B: 그저 그랬네요.  (그랬군요 x) B is telling A about disappointing date happened previous day. 
or
B: C는 너무나도 아름다웠네요! (아름다웠군요 x)
A: 역시 그녀는 아름다웠군요! (아름다웠네요 x. A wasn't the one who saw C) 

D: B랑 C랑 어제 데이트했데! 
E: 아 그랬군요!   (그랬네요 x) 

By the way. I believe:
그렇네요(x) 그러네요(o)
But please correct me if I'm wrong.


----------



## bonbon2023

_
A: 어제 C랑 데이트 어땠어요? 
B: 그저 그랬네요. (그랬군요 x)
_
If the person B in above dialogue was saying 그저 그랬네요, not seeing the person A, the sentence having '-네' might be 하게체 having the 종결보조사 '요'.
그저 그랬네요 seems like *서술의 뜻* in this definition_: "-네 in 하게할 자리에 쓰여, 단순한 *서술의 뜻*을 나타내는 종결 어미."_
http://krdic.naver.com/detail.nhn?docid=7428000

Although I saw '-네' was used in this way on TV drama as a way of quite directly saying, I'm not used to using -네요 instead of -어요when I think I should use -어요. 

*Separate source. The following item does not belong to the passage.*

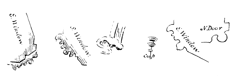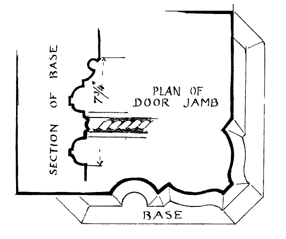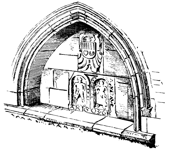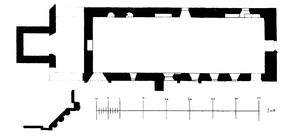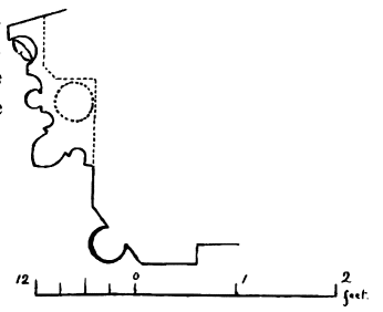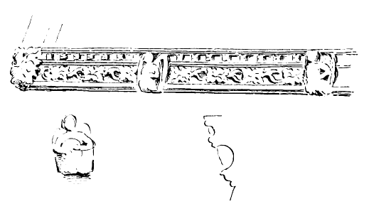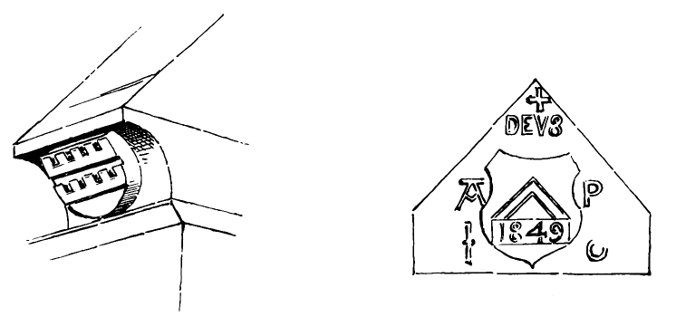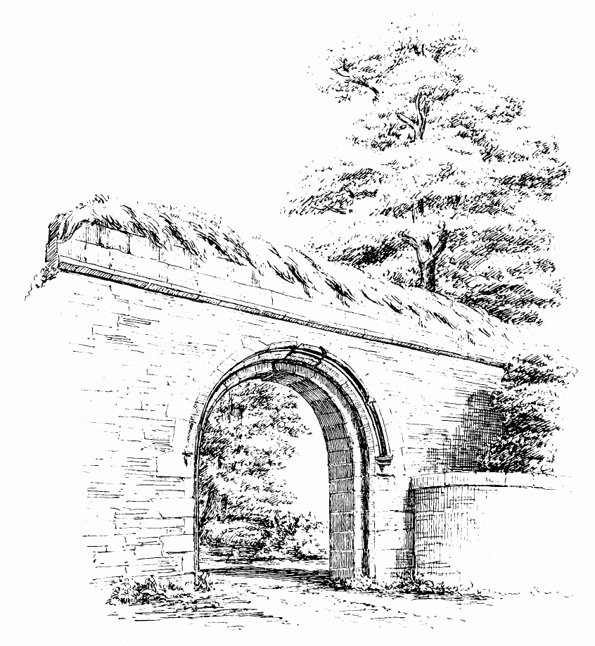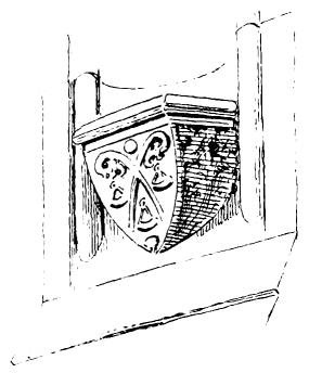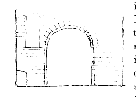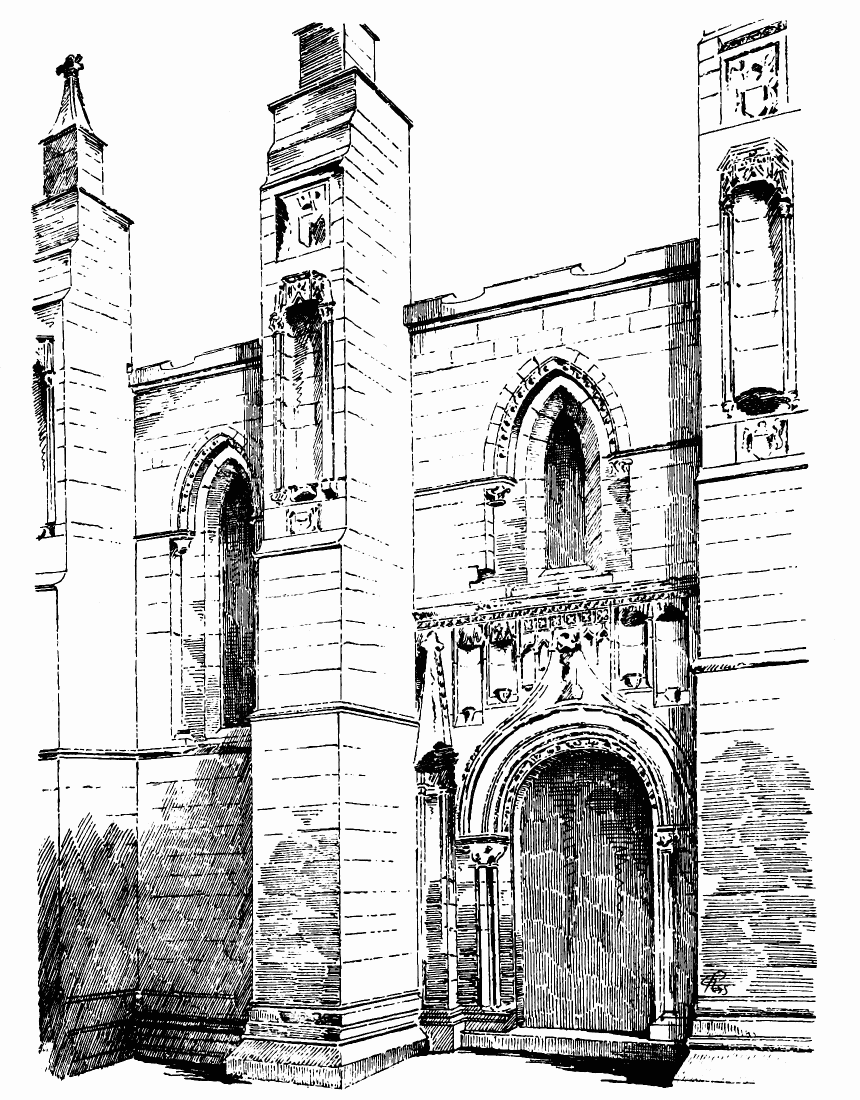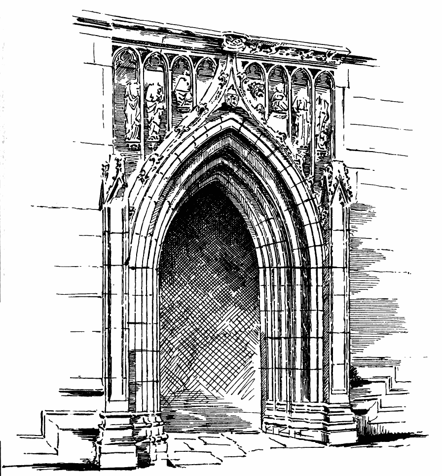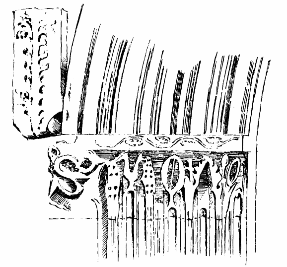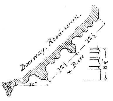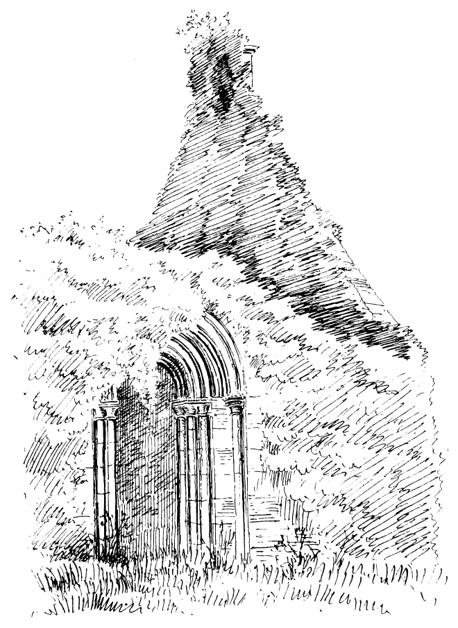The west doorway from the cloister into the nave (which is in a modern vinery) has been opened up on the south side, and its massive first pointed architecture has been shown. The arch is pointed, and the details (including dog-tooth enrichments) correspond in style with the entrance to the chapter house (see Fig. 452).

I think the following dialogue is not natural.
_B: C는 너무나도 아름다웠네요! (아름다웠군요 x)
A: 역시 그녀는 아름다웠군요! (아름다웠네요 x. A wasn't the one who saw C) 
_
The dialogue makes more sense in this way:
B: C는 너무나도 아름다웠어요!  (아름다웠군요 x)
A: 역시 그녀가 아름답다는 소문은 사실이었군요! (아름다웠네요 x. A wasn't the one who saw C) 

_
D: B랑 C랑 어제 데이트했데! 
E: 아 그랬군요! (그랬네요 x) 
_
It doesn't sound awkward, but if I was the person E, I would reply like this:
D: B랑 C랑 어제 데이트했대! 
E: 아 그랬어요? 
When saying something which was learnt from someone or something, ending -대 is used. 

As Rance pointed out, I spelled the 그러네요 wrong. 
 BTW, The conjugations of 그러다(그러하다) and 그렇다 are so difficult! 
유미 여기 비가 많이 오네요.
대성 (비를 보고 난 후) 그러네요. 그렇네요(x)


----------



## Superhero1

엄밀히 얘기하면, 부정부사 '너무'는 '정말'로 바꿔 사용해야 합니다. 근래 많은 국어 사용자들이 큰 구분 없이 사용하는 것처럼 보이나, 올바른 용법은 아닙니다.


----------